Action item: Copy the entries below exactly. Images do not belong in the copy.

Records for processing:
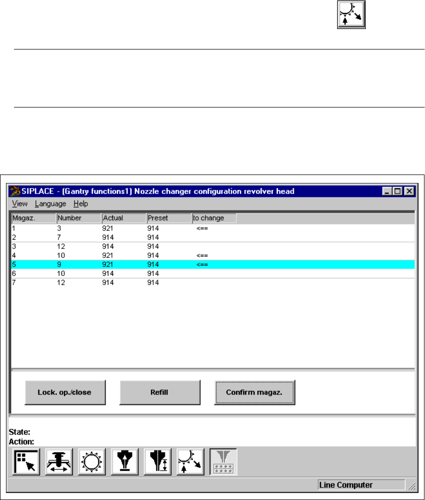 5 Single Functions User Manual SIPLACE S -23 HM 5.2 Single functions, Gantry Software Version SR.406.xx 02/00 US E dition 168 5.2.6 "Nozzle c hanger con figurati on revolv er head" scre en 5 Å In th e current s…
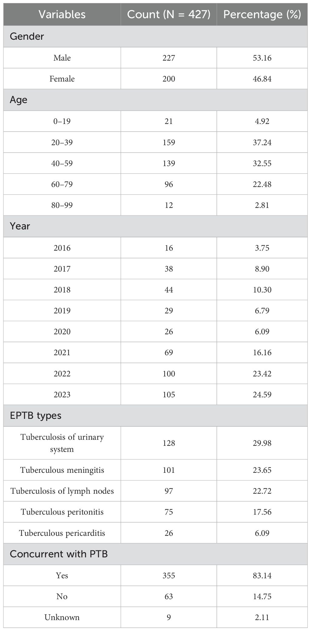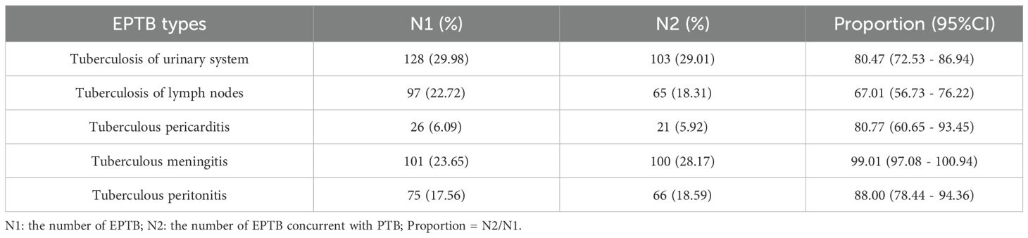 Tuberculosis of urinary system (29.98%) was the most common EPTB type in this study, followed by tuberculous meningitis (23.65%) and tuberculosis of lymph nodes (22.72%) (Supplementary Figure S1). Tuberculous pericarditis was the least common, representing only 6.09% of cases. Of the 427 patients, 355 (83.14%) had concurrent pulmonary tuberculosis (PTB), while 14.75% had EPTB alone (Table 1). Figure 1 illustrates the trend in the distribution of different types of EPTB over the study period (2016–2023). The average proportion of tuberculosis of urinary system was 33.55%, which was the highest diagnosis type. Tuberculosis of lymph nodes showed a marked increase from 2020 to 2022. The proportions of tuberculous meningitis and tuberculous peritonitis fluctuated significantly across different years. Quadratic non-linear regression analysis indicated a significant increase in the proportion of lymph node tuberculosis, whereas tuberculosis of urinary system exhibited a clear decreasing trend (Supplementary Table S2). Table 2 presents the occurrence of different types of EPTB concurrent with PTB. The association between different types of EPTB and PTB was significant. Tuberculous meningitis had the highest PTB concurrence rate at 99.01%, indicating that nearly all meningitis patients also had PTB. Tuberculosis of lymph nodes had the lowest PTB concurrence rate, at only 67.01%. The PTB concurrence rate for pericarditis was 80.77%, slightly lower than that of meningitis and peritonitis. However, its confidence interval was relatively wide (60.65%-93.45%), likely due to the small sample size (26 cases).
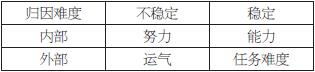 心理学家韦纳经过长期研究,提出了成败归因理论,该理论分为二维、三维归因,限于篇幅,本文仅讨论二维归因,具体见下表:
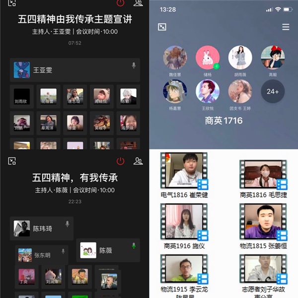 近期,国际教育学院开展“五四精神 传承有我”主题宣讲活动。商英1716,商英1816,机自1816班级使用企业微信语音通话方式进行本次宣讲,积极宣传“五四精神”和学院防疫志愿者的典型事迹。商英1916、物流1915、电气1916、电气1816、商英1816、物流1815班级采用视频录制的方式向班级同学宣扬五四精神。电气1916刘子华同学以精彩短视频的呈现向同学们分享自己在陈楼镇大孙村委会的抗疫故事。
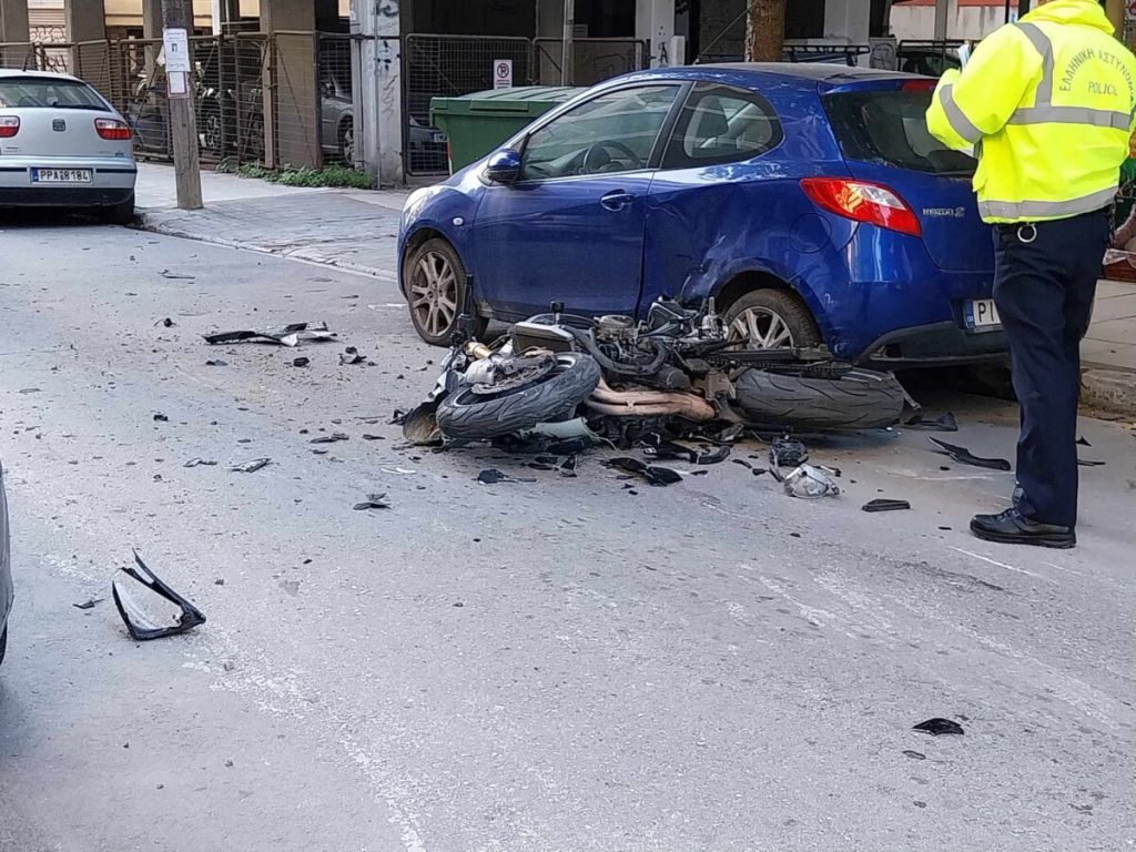 Το τροχαίο σημειώθηκε χθες, πρωινό Σαββάτου 28ης Οκτωβρίου, στο κέντρο της Λάρισας στη συνοικία Αγίου Κωνσταντίνου.
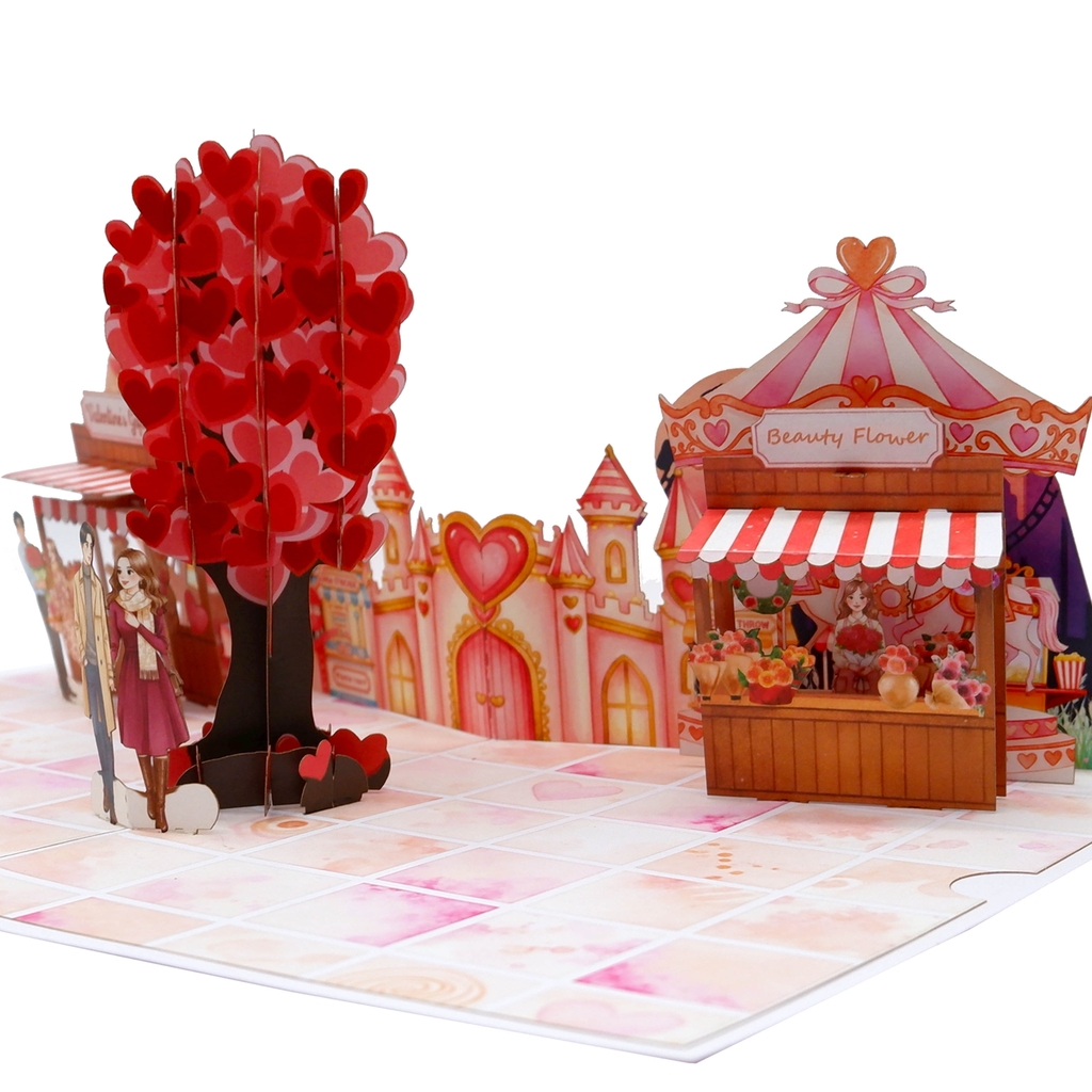 Romantic Festival Pop-up Card is a premium laser-cut 3D greeting card handmade in Vietnam, designed to capture the beauty of love, celebration, and joyful moments. The card features a romantic couple standing under a heart-shaped balloon, surrounded by colorful festival stalls and a dreamy castle backdrop. The lively market scene combined with warm lighting creates a magical atmosphere that instantly touches the recipient’s emotions as soon as the card opens.
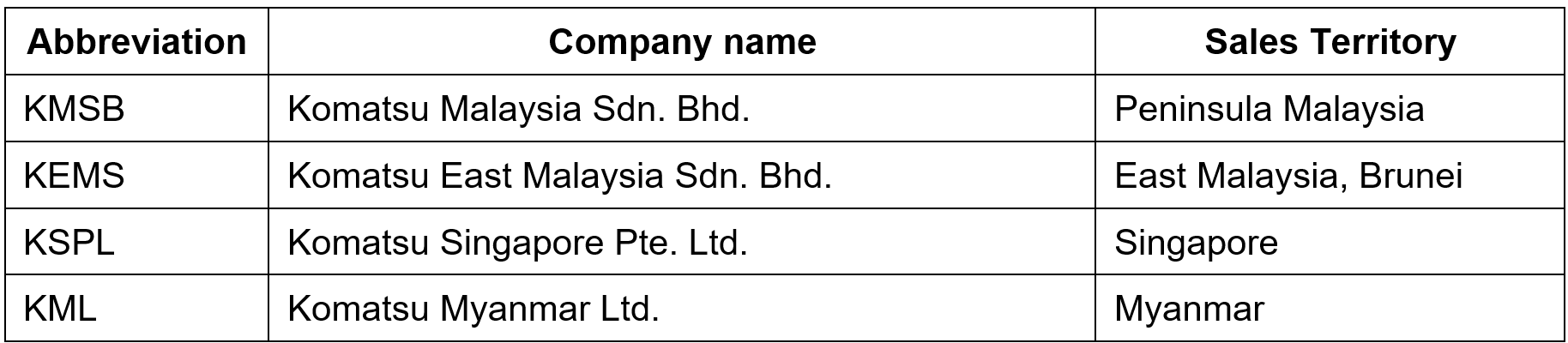 *2: KHMS is the parent company of KMSB, KEMS, KSPL, and KML. The company name of UMW Komatsu Heavy Equipment Sdn. Bhd. had been changed to Komatsu Holdings Malaysia Sdn. Bhd.

Response box:
 5 Single Functions User Manual SIPLACE S -23 HM 5.2 Single functions, Gantry Software Version SR.406.xx 02/00 US E dition 168 5.2.6 "Nozzle c hanger con figurati on revolv er head" scre en 5 Å In th e current s…
 Tuberculosis of urinary system (29.98%) was the most common EPTB type in this study, followed by tuberculous meningitis (23.65%) and tuberculosis of lymph nodes (22.72%) (Supplementary Figure S1). Tuberculous pericarditis was the least common, representing only 6.09% of cases. Of the 427 patients, 355 (83.14%) had concurrent pulmonary tuberculosis (PTB), while 14.75% had EPTB alone (Table 1). Figure 1 illustrates the trend in the distribution of different types of EPTB over the study period (2016–2023). The average proportion of tuberculosis of urinary system was 33.55%, which was the highest diagnosis type. Tuberculosis of lymph nodes showed a marked increase from 2020 to 2022. The proportions of tuberculous meningitis and tuberculous peritonitis fluctuated significantly across different years. Quadratic non-linear regression analysis indicated a significant increase in the proportion of lymph node tuberculosis, whereas tuberculosis of urinary system exhibited a clear decreasing trend (Supplementary Table S2). Table 2 presents the occurrence of different types of EPTB concurrent with PTB. The association between different types of EPTB and PTB was significant. Tuberculous meningitis had the highest PTB concurrence rate at 99.01%, indicating that nearly all meningitis patients also had PTB. Tuberculosis of lymph nodes had the lowest PTB concurrence rate, at only 67.01%. The PTB concurrence rate for pericarditis was 80.77%, slightly lower than that of meningitis and peritonitis. However, its confidence interval was relatively wide (60.65%-93.45%), likely due to the small sample size (26 cases).
 心理学家韦纳经过长期研究,提出了成败归因理论,该理论分为二维、三维归因,限于篇幅,本文仅讨论二维归因,具体见下表:
 近期,国际教育学院开展“五四精神 传承有我”主题宣讲活动。商英1716,商英1816,机自1816班级使用企业微信语音通话方式进行本次宣讲,积极宣传“五四精神”和学院防疫志愿者的典型事迹。商英1916、物流1915、电气1916、电气1816、商英1816、物流1815班级采用视频录制的方式向班级同学宣扬五四精神。电气1916刘子华同学以精彩短视频的呈现向同学们分享自己在陈楼镇大孙村委会的抗疫故事。
 Το τροχαίο σημειώθηκε χθες, πρωινό Σαββάτου 28ης Οκτωβρίου, στο κέντρο της Λάρισας στη συνοικία Αγίου Κωνσταντίνου.
 Romantic Festival Pop-up Card is a premium laser-cut 3D greeting card handmade in Vietnam, designed to capture the beauty of love, celebration, and joyful moments. The card features a romantic couple standing under a heart-shaped balloon, surrounded by colorful festival stalls and a dreamy castle backdrop. The lively market scene combined with warm lighting creates a magical atmosphere that instantly touches the recipient’s emotions as soon as the card opens.
 *2: KHMS is the parent company of KMSB, KEMS, KSPL, and KML. The company name of UMW Komatsu Heavy Equipment Sdn. Bhd. had been changed to Komatsu Holdings Malaysia Sdn. Bhd.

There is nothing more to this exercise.